Sustainable housing, and autonomous infrastructure development is much like the maturation of an adolescent human being. An adult sucking at the nipple is, metaphorically, relatable to the untimeliness of consumer products like oil and gas, as sourced from such terrains as the Utah tar sands, and other extractive industry sites.
Living autonomously is an affirmation of maturation toward independence, as biologically characteristic among mammals. Truly, evolution is a quality of biological autonomy. “It’s not really ecology and saving the planet, it’s just a logical way to exist on this planet to have a future,” Reynolds emphasized during the NYC Earthship conference. “The whole thing is evolving. The materials we throw away on this planet are evolving.

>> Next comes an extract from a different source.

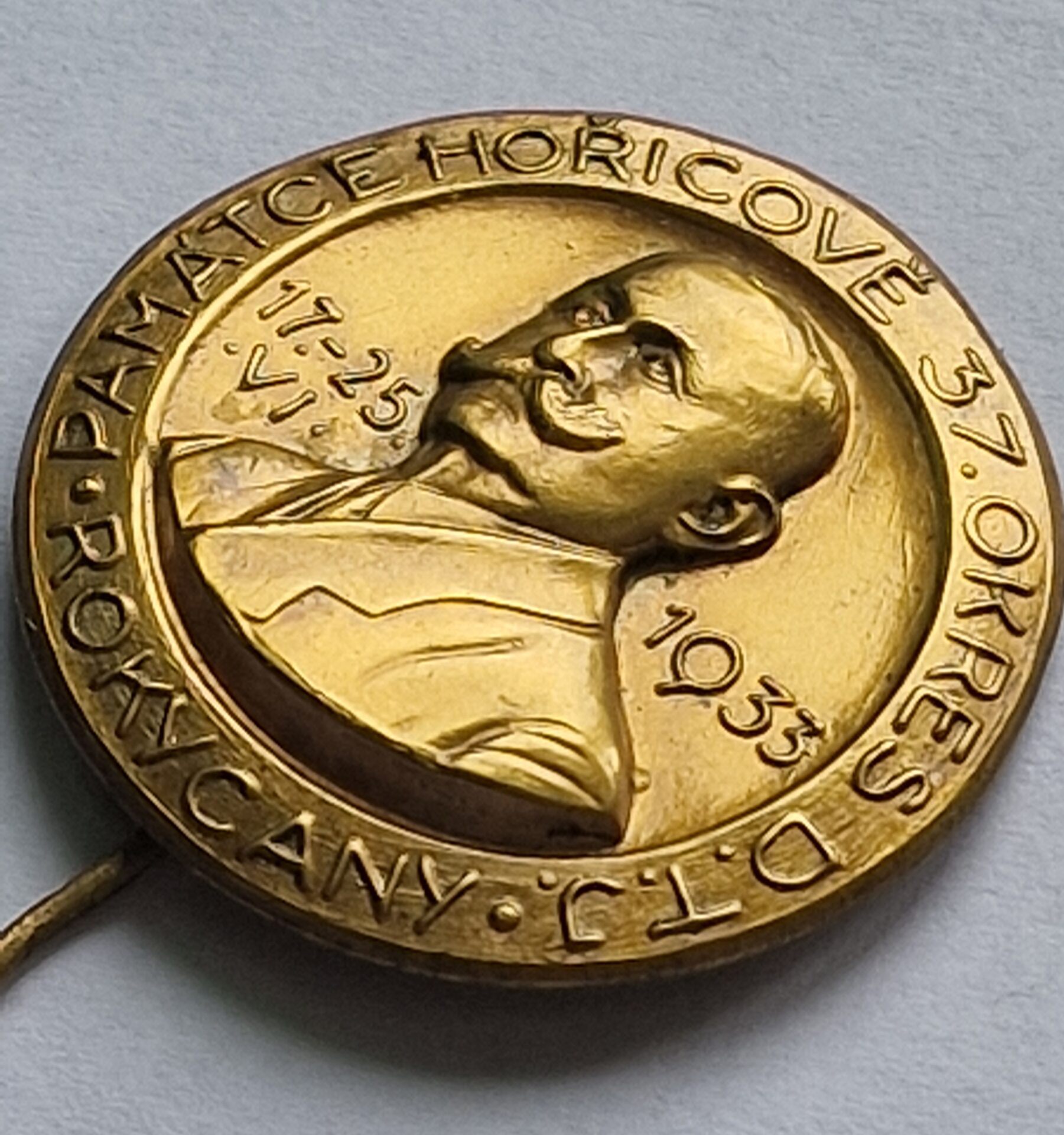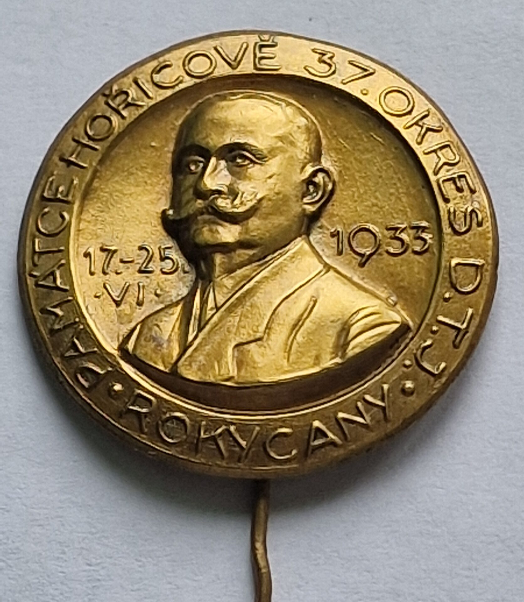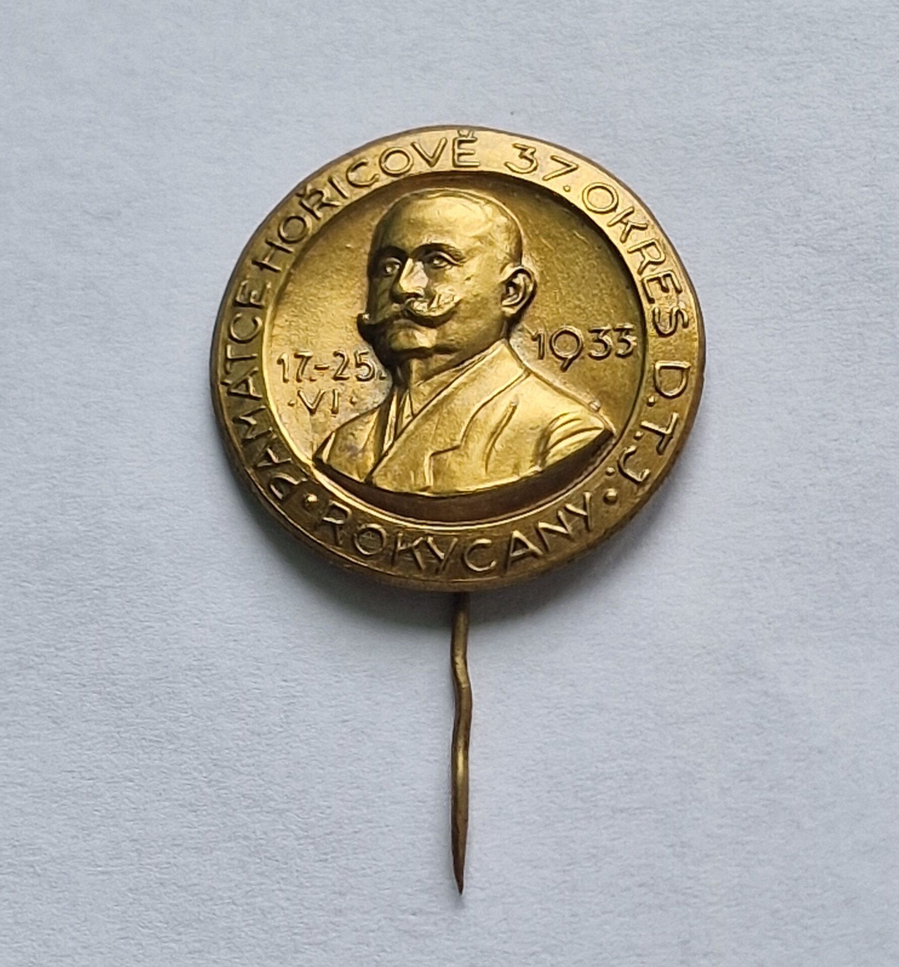 Starý odznak 37. Okres D.T.J. Rokycany – Památce Hořicově 1933

We are changing with them. We’re seeing more of the energy crisis and water crisis. We just start incorporating it piece by piece into these buildings.”
Fossil fuels are the motherless infant formula of human evolution, which, for better or worse, is human, and therefore imperfect, subject to all forms of artificiality. From the womb of the pre-industrial era, to the childhood of non-renewable consumerism, human beings are slowly, however unsteadily maturing towards energy independence. In the process, people are becoming more united as a human race.
Modern conflict is a condition of speed, and technology. People will always fight, but that does not mean they need guns. What people need is immediate, carbon-zero energy independence. Autonomous housing in the 21 st century is one of the most important evolutionary movements in human history. The story began in the plains of Africa, and coursing through the mysterious monolithic cultures of archaic prehistory, to the first, and now, unfinished pages of history.